This I found in "Small Arms Makers", Col. Robert Gardiner, 1963.

MOST perplexing! This reference shows this mark remarkably like the bushy tail fox of Shotley, but to Austrian maker of Steyr...1620?
This reference seems pretty reliable, so the mysteries of Shotley deepen. This is the ONLY time I have seen the BTF in this sort of context, and wish there was some note on how or where it was found.
Steyr in upper Austria was center of many conflicts during Thirty Years War when it was under rule of Duke Maximilian I of Bavaria, and the Peasant War of Upper Austria in 1626 took place, There was a tradition of arms making in later years there, and wonder if Oleys might have had any connection?
It is an intriguing thought.....I had always thought the bushy tail fox was sort of a parody of the Solingen running wolf, but perhaps Oleys had these kinds of connections ?

Though digressing from the topic, these markings have been curious as long as we've discussed Shotley.

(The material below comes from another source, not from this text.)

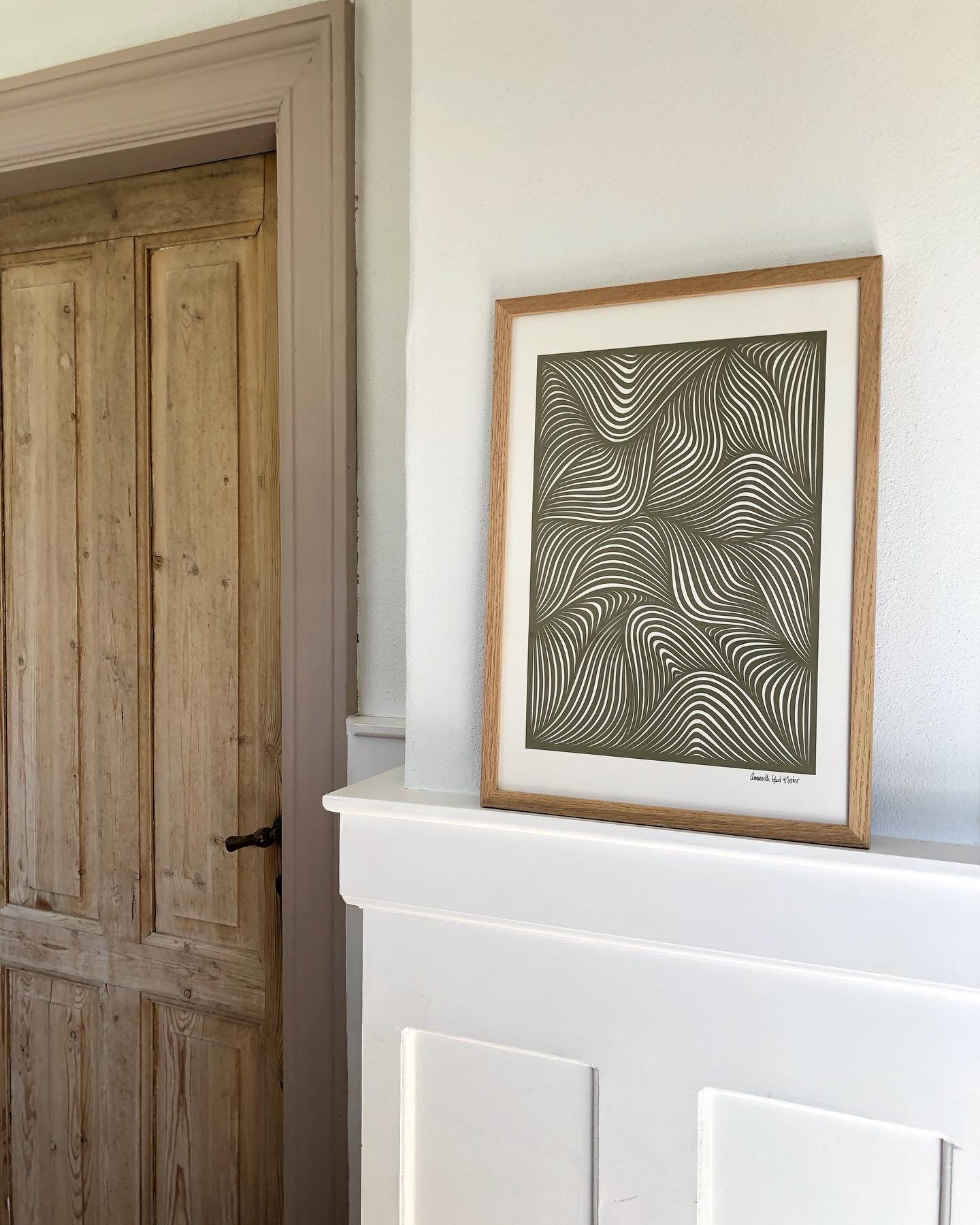 Håndskåret unika papercut i olivengrønt på baggrund i knækket hvid, str. A3 (29,7x42cm).
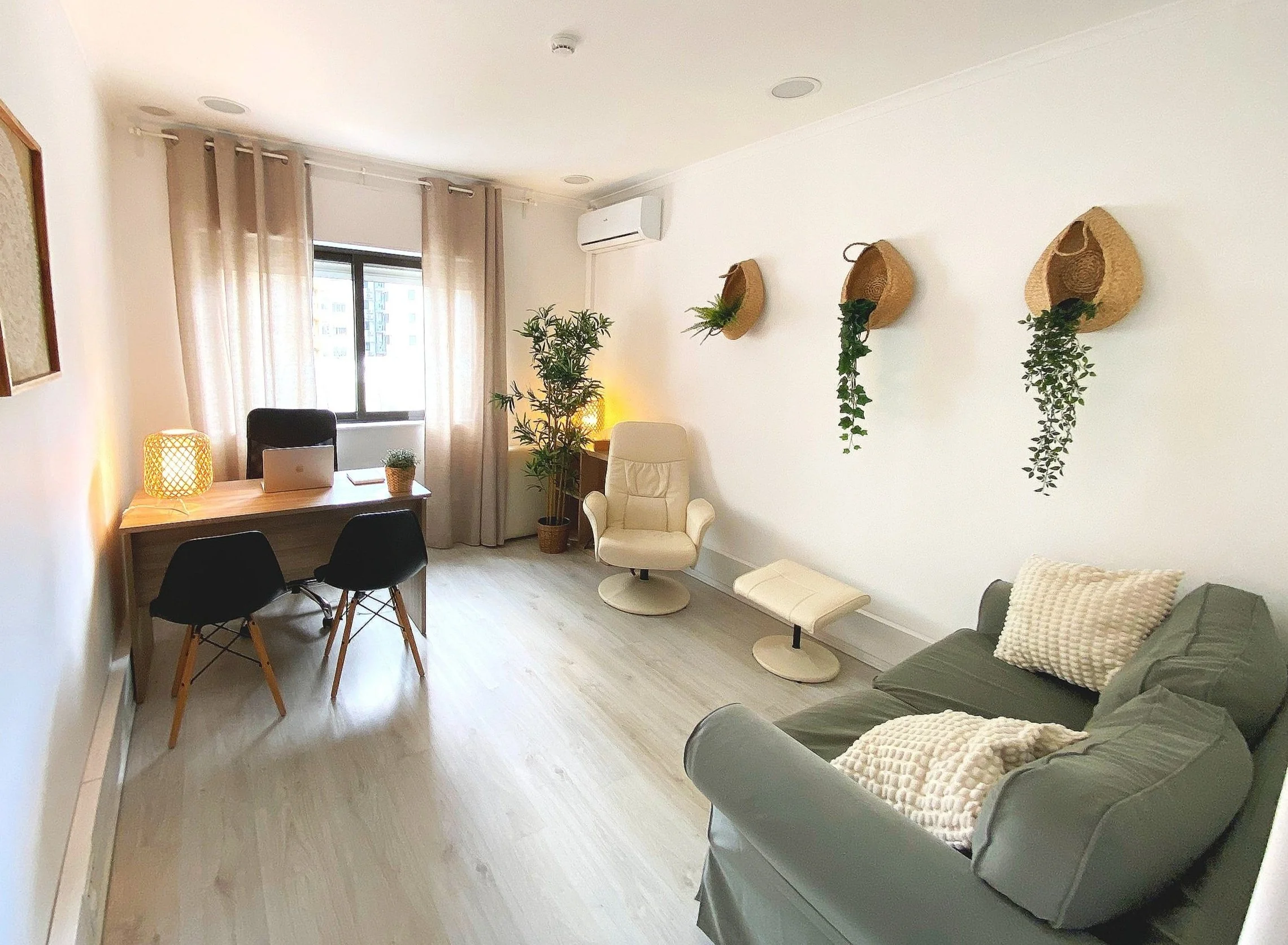 Cabinet de psychothérapie très chaleureux à Lisbonne. Siège blanc pour la psychologue face à un canapé vert

In "The Catalog of the Sword Collection at York Castle Museum", P.R. Newman 1985:
CA833 (p.51) is an English hanger of Hounslow type hilt with blade marked with a 'RUNNING HORSE' ?
CA822 (p.49) another hanger of Hounslow type with blade marked with 'RUNNING DOG'? with letter H incorporated.....suggestion made for a 'Birmingham maker, Harvey'? Obviously this refers to Samuel Harvey of Birmingham, but he was much later, mid 18th c. with SH within the figure not just H.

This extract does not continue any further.